◆ **Exercise brief**: From the line containing "- Fejlett egészségfigyelő" to the line containing "Déposer les coquilles" in the entries below, reproduce every line exactly, ends included. Nothing else belongs in the copy, and no pictures.

◆ **Extracted information**:
++++++++++

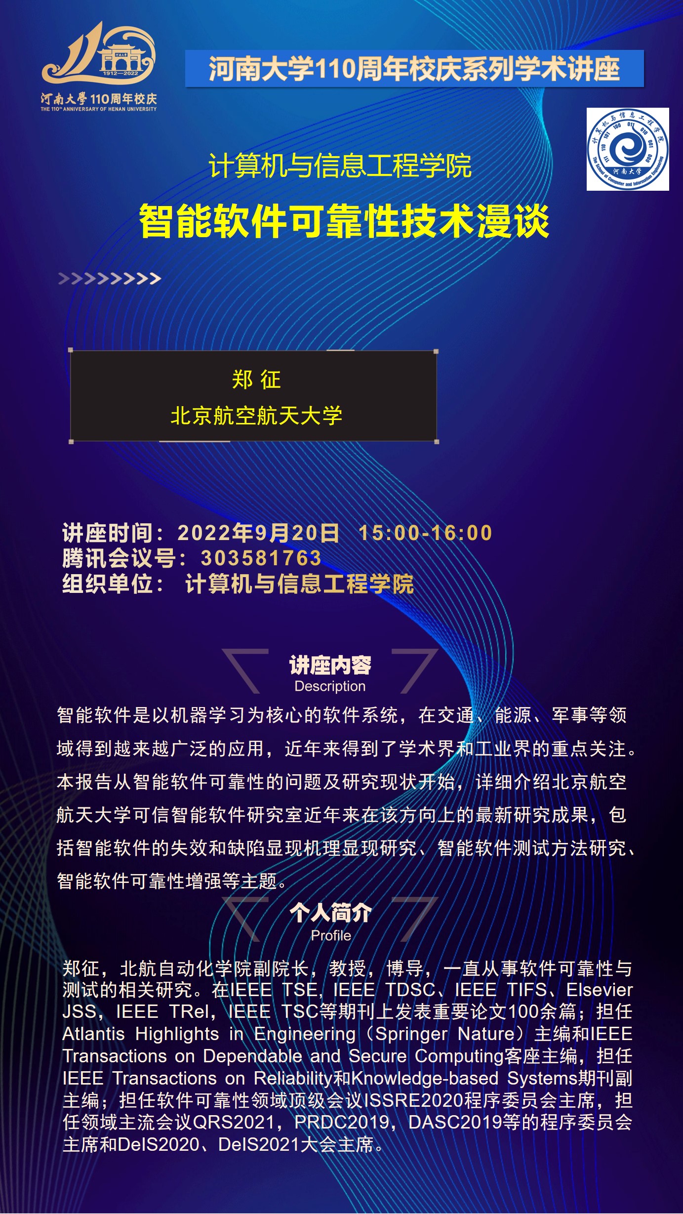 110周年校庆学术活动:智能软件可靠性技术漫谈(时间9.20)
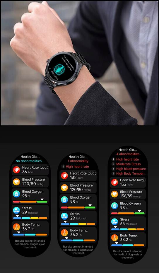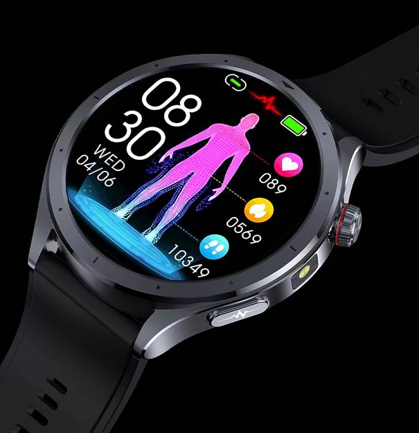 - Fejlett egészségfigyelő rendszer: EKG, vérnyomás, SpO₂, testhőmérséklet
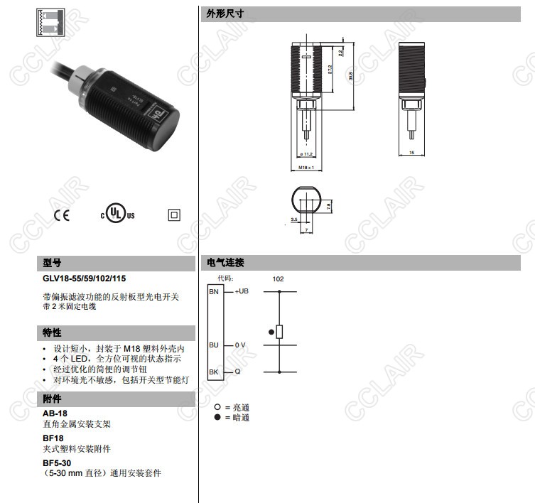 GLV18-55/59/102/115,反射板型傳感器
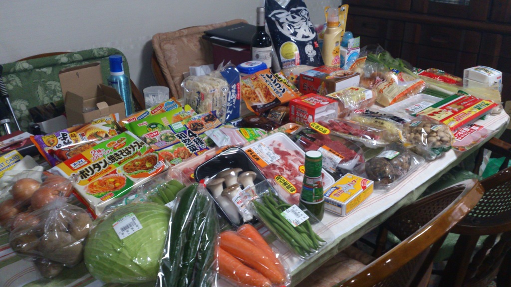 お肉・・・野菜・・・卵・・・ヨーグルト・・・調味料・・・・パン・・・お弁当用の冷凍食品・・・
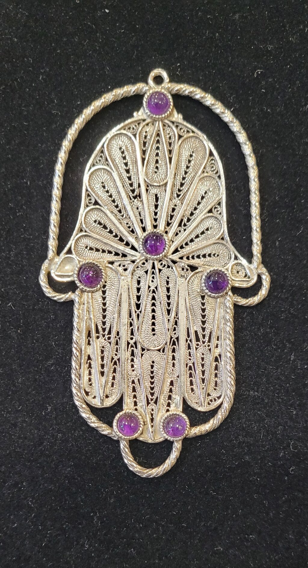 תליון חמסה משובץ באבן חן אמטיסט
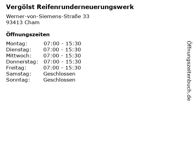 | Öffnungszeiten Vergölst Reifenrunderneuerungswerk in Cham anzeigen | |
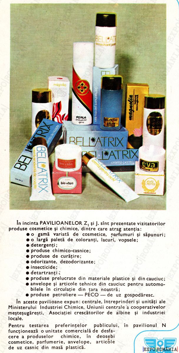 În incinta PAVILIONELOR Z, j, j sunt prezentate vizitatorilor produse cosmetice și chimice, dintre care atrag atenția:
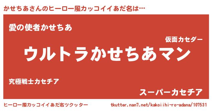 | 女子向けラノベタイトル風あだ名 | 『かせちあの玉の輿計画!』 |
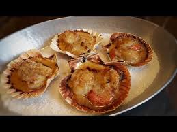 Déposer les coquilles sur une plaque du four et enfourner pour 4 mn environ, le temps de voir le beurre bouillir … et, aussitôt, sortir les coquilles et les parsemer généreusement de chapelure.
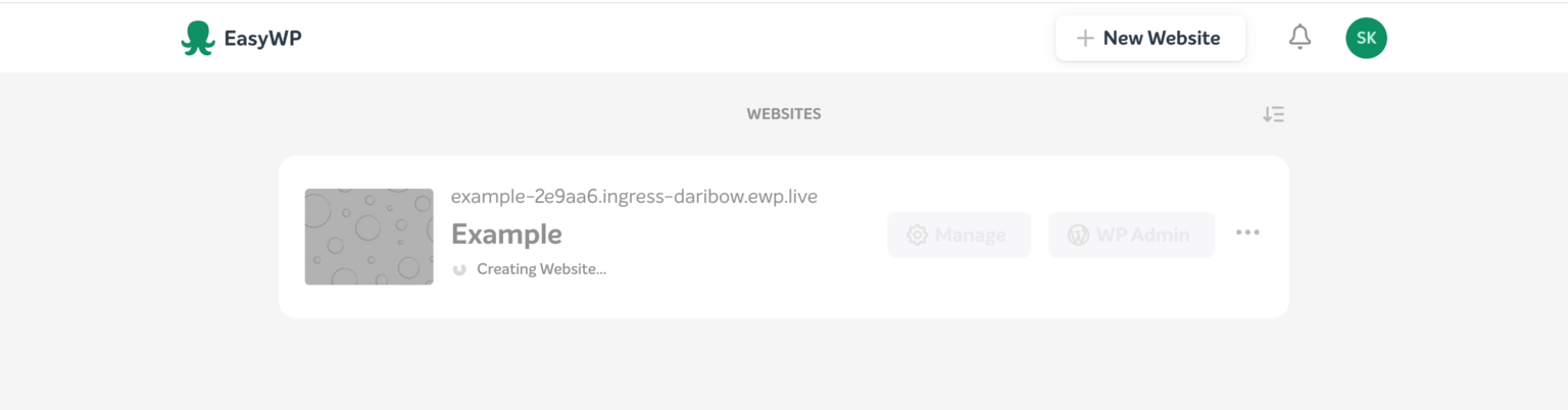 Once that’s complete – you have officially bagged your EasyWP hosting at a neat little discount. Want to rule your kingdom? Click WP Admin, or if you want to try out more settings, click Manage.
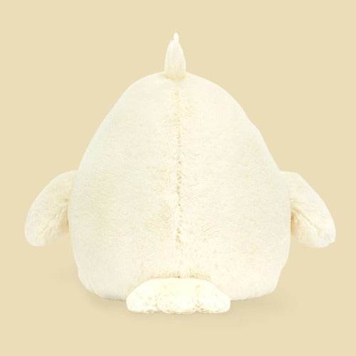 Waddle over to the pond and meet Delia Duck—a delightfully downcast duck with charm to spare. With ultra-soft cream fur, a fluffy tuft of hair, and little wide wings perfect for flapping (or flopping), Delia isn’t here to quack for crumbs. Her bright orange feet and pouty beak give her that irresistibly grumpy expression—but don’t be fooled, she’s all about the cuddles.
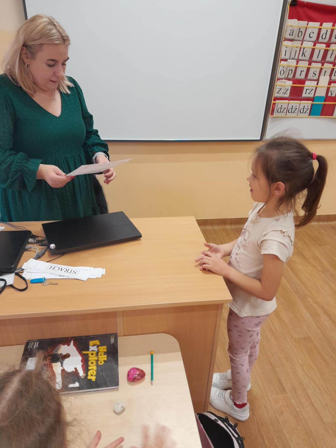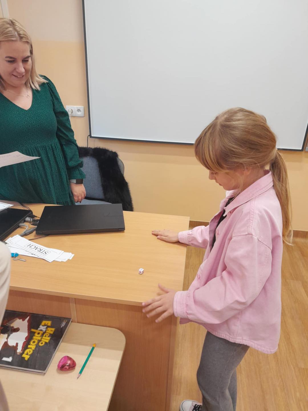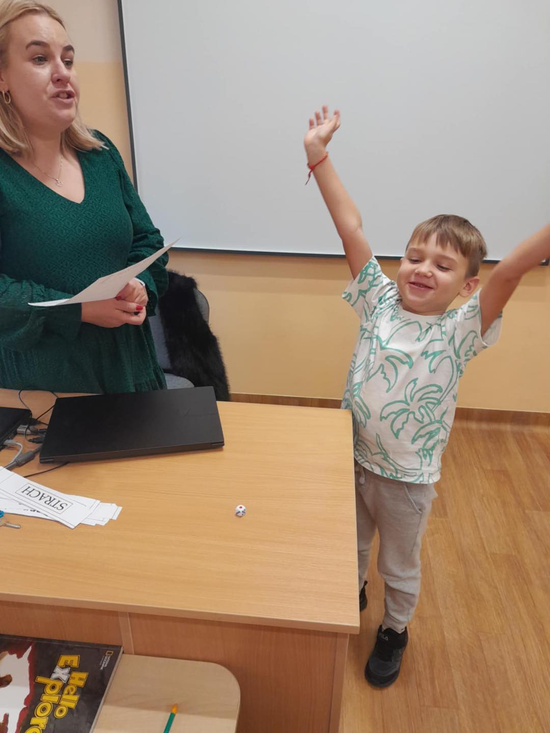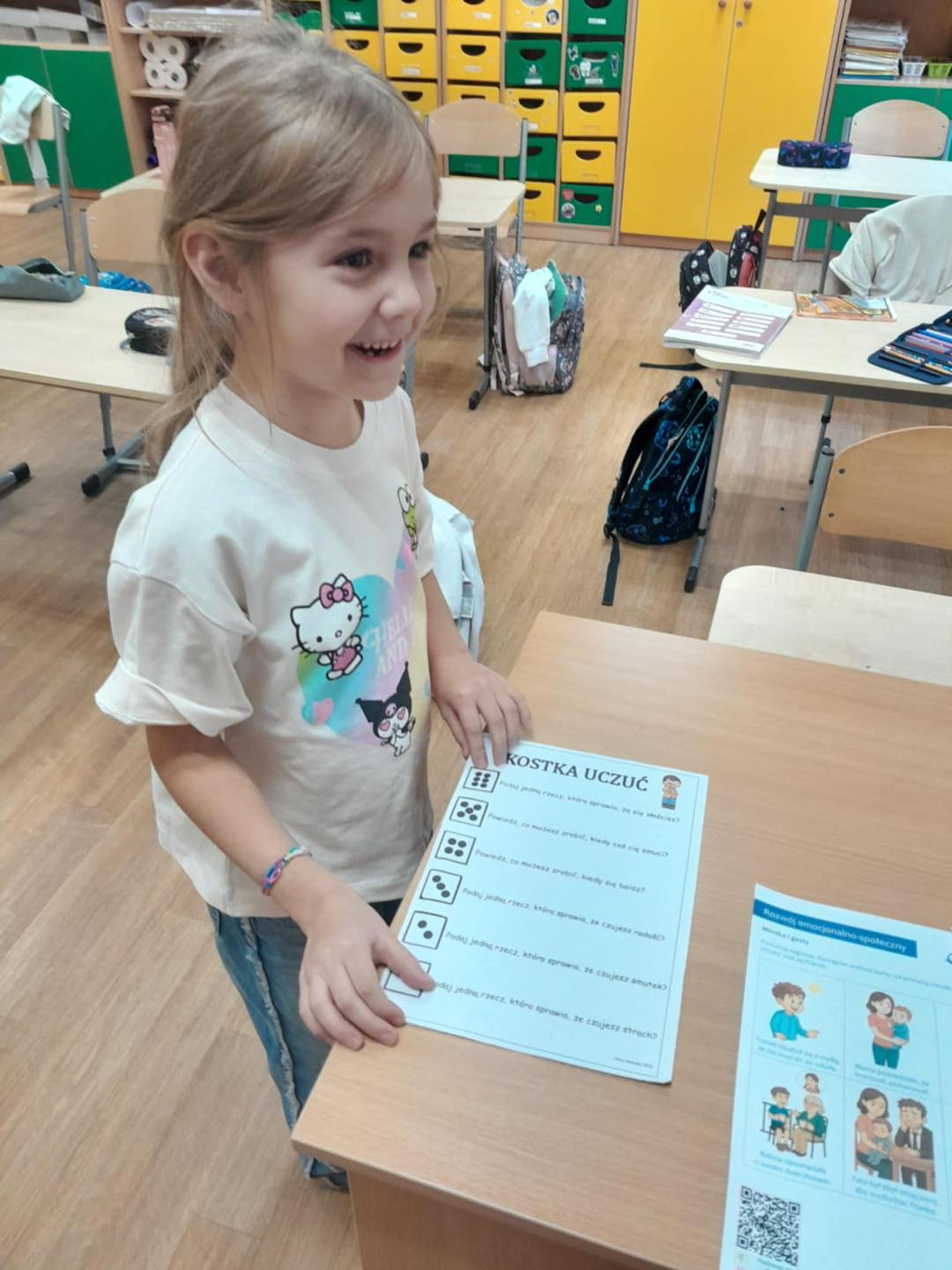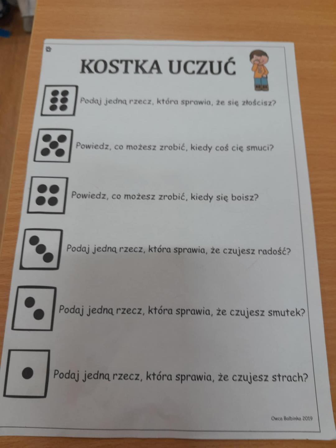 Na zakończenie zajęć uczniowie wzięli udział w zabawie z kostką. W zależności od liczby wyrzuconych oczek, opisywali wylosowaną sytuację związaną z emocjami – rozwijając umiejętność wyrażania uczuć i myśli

++++++++++

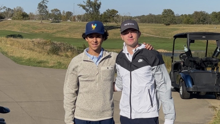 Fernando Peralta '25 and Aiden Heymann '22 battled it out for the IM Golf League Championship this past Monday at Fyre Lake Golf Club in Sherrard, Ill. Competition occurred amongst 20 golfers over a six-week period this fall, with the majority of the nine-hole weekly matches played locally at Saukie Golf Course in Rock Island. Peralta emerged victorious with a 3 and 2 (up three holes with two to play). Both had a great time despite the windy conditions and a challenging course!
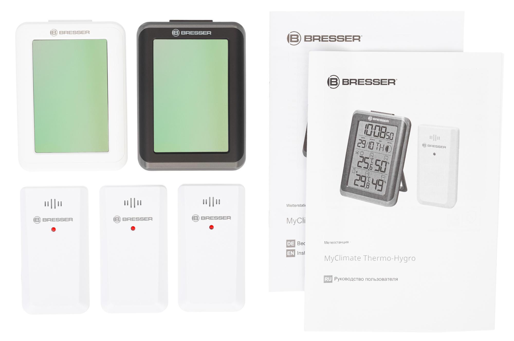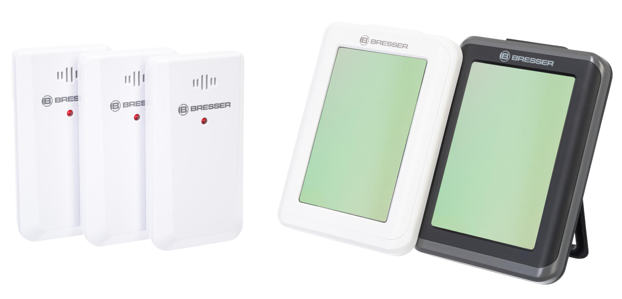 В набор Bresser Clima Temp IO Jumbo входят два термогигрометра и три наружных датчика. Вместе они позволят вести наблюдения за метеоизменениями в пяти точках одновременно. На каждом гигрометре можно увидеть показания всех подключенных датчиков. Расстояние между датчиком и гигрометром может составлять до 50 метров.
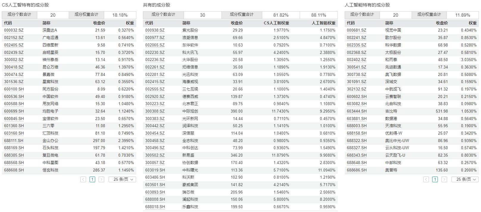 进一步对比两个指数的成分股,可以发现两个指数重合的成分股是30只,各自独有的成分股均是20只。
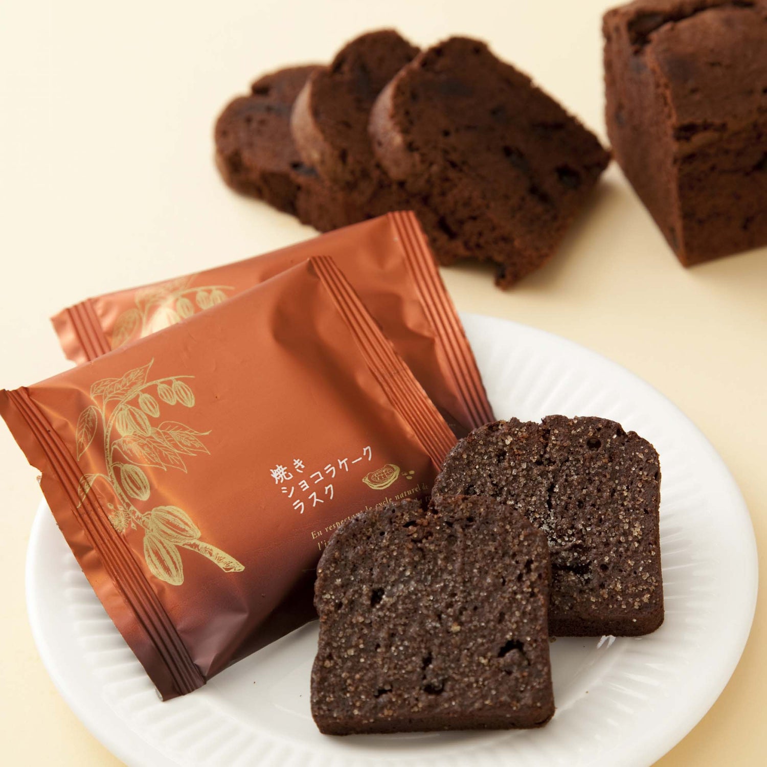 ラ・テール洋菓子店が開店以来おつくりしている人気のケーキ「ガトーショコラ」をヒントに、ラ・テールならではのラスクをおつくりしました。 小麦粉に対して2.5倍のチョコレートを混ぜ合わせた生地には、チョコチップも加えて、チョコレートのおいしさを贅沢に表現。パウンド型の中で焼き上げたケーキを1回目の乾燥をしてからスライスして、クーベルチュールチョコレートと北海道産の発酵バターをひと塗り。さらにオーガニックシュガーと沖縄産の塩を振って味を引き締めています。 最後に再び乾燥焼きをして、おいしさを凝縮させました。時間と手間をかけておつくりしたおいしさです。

++++++++++

◆ **Task answer**:
 - Fejlett egészségfigyelő rendszer: EKG, vérnyomás, SpO₂, testhőmérséklet
 GLV18-55/59/102/115,反射板型傳感器
 お肉・・・野菜・・・卵・・・ヨーグルト・・・調味料・・・・パン・・・お弁当用の冷凍食品・・・
 תליון חמסה משובץ באבן חן אמטיסט
 | Öffnungszeiten Vergölst Reifenrunderneuerungswerk in Cham anzeigen | |
 În incinta PAVILIONELOR Z, j, j sunt prezentate vizitatorilor produse cosmetice și chimice, dintre care atrag atenția:
 | 女子向けラノベタイトル風あだ名 | 『かせちあの玉の輿計画!』 |
 Déposer les coquilles sur une plaque du four et enfourner pour 4 mn environ, le temps de voir le beurre bouillir … et, aussitôt, sortir les coquilles et les parsemer généreusement de chapelure.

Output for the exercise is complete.